Finally, we introduced a random Gaussian perturbation in the input M_V, B − V and log g of the synthetic stars, considering Gaussian distributions with 3σ = 1% of the unperturbed values. We show the age distributions deriving from the isochrone placement and the modal Bayesian age in Fig. 10. As expected, the distributions are broader and the mean error bars of the output results are higher. The mean age value of the isochrone placement does not change. The behaviour of the two techniques is similar to what we have just said about the ages derived from unperturbed input values.

In conclusion, the isochrone placement technique is the method chosen to compute the ages of the SWP.
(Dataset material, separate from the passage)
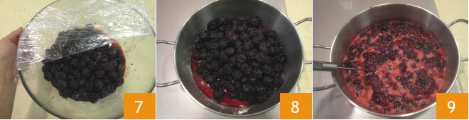 Nach der Mazerationszeit haben die Brombeeren ihren Saft freigesetzt 7, dann alles in einen Topf geben 8 und bei mittlerer bis kleiner Hitze kochen, bis die Mischung eine Temperatur von 108° erreicht, was mit einem Küchenthermometer gemessen wird 9.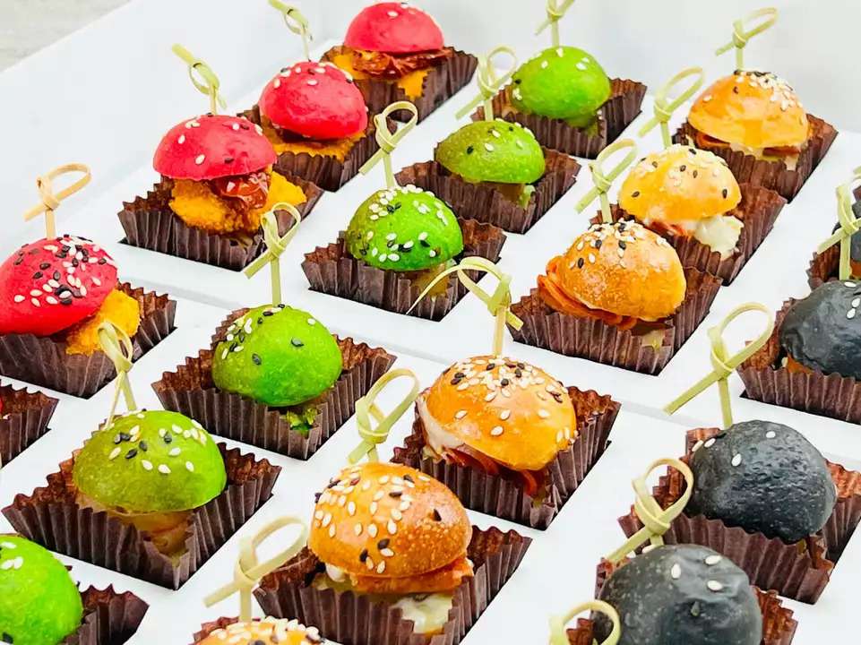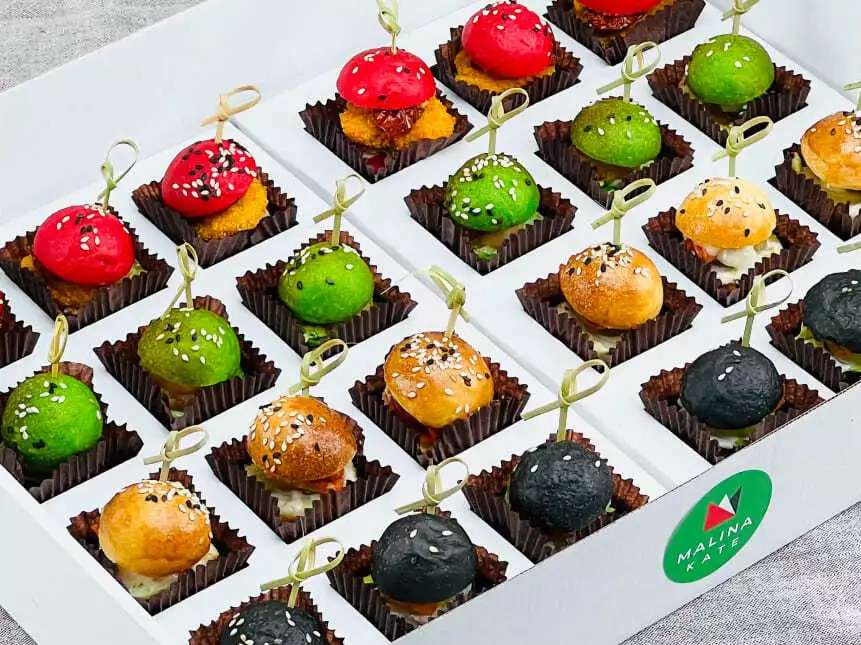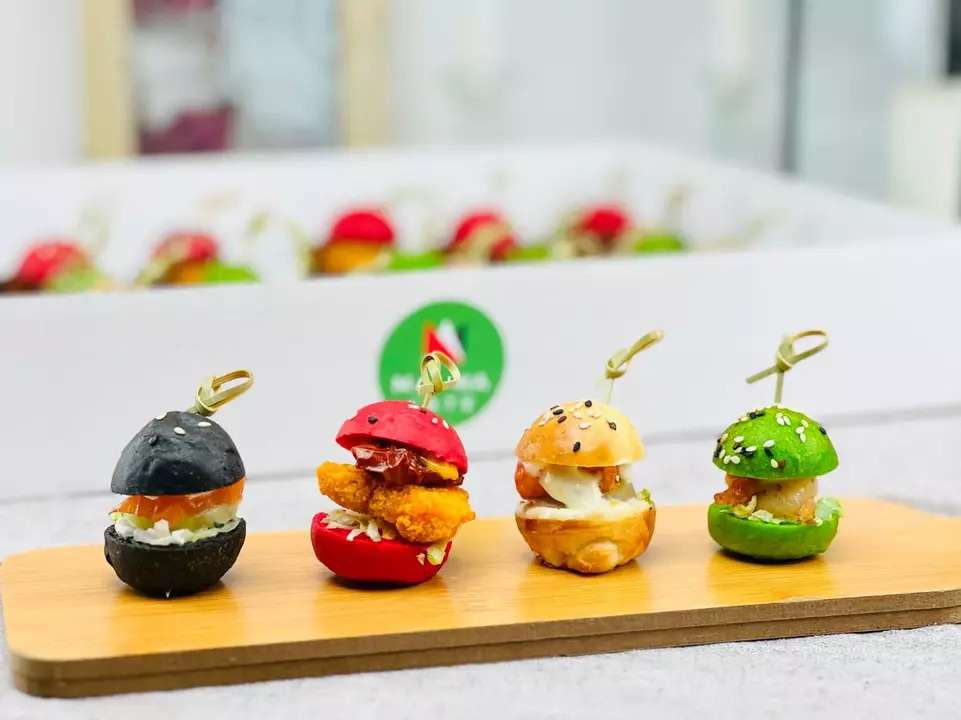— Канапе зелёный мини-бургер с креветкой, салатом «Айсберг» и соусом «Сладкий васаби»

4.2. Stars with planets ages

We analysed all the 326 stars belonging to the SWP Catalogue. Only nine of them have been removed because their observational parameters were not consistent with the theoretical ones. The age distribution of the remaining 317 stars determined using the isochrone placement technique is presented in Fig. 11. About 6% of the stars are younger than 0.5 Gyr, and then the distribution reaches a peak at [1.5, 2) Gyr and after that it generally decreases. There is a non-negligible number of stars (~7%) older than 11 Gyr. All the parameters of these stars are presented in Table 4.

The histogram of Fig. 11 shows that there are SWP with all possible ages, with a preponderance of stars with ages <~6 Gyr. The median value (~4 Gyr) appears slightly lower than the age of the Sun. Of course, older MS stars are fainter (making it more difficult to identify planets). It is not obvious that there is a selection bias for the ages in Fig. 11. Very old or very young stars can have large uncertainties in age because the oldest isochrones overlap the pre-MS region. The frequency of stars in the [0, 0.5) Gyr bin is still an open question. The majority of the youngest SWP are hot Jupiter (HJs) hosts, and they tend to have high rotational velocity, so the check of activity did not discard the youngest isochrones. Actually, it might happen that such high rotational velocity does not reflect the stellar activity, while it can be due to the spin-up induced by the HJ, as suggested for example by Poppenhaeger & Wolk (2014). Without definite indications from activity indices, another way to disentangle pre-MS from post-MS isochrones is to consider the stellar density ρ_⋆, which is observationally available in the case of SWP detected through the transit method (see e.g. Sozzetti et al. 2007). Here, ρ_⋆ gives indications of the evolutionary stage of a star, and it has been used, for instance, by Rouan et al. (2012) to reject an extremely low age for CoRoT-23. We are planning of inserting this kind of check in the future development of our algorithm.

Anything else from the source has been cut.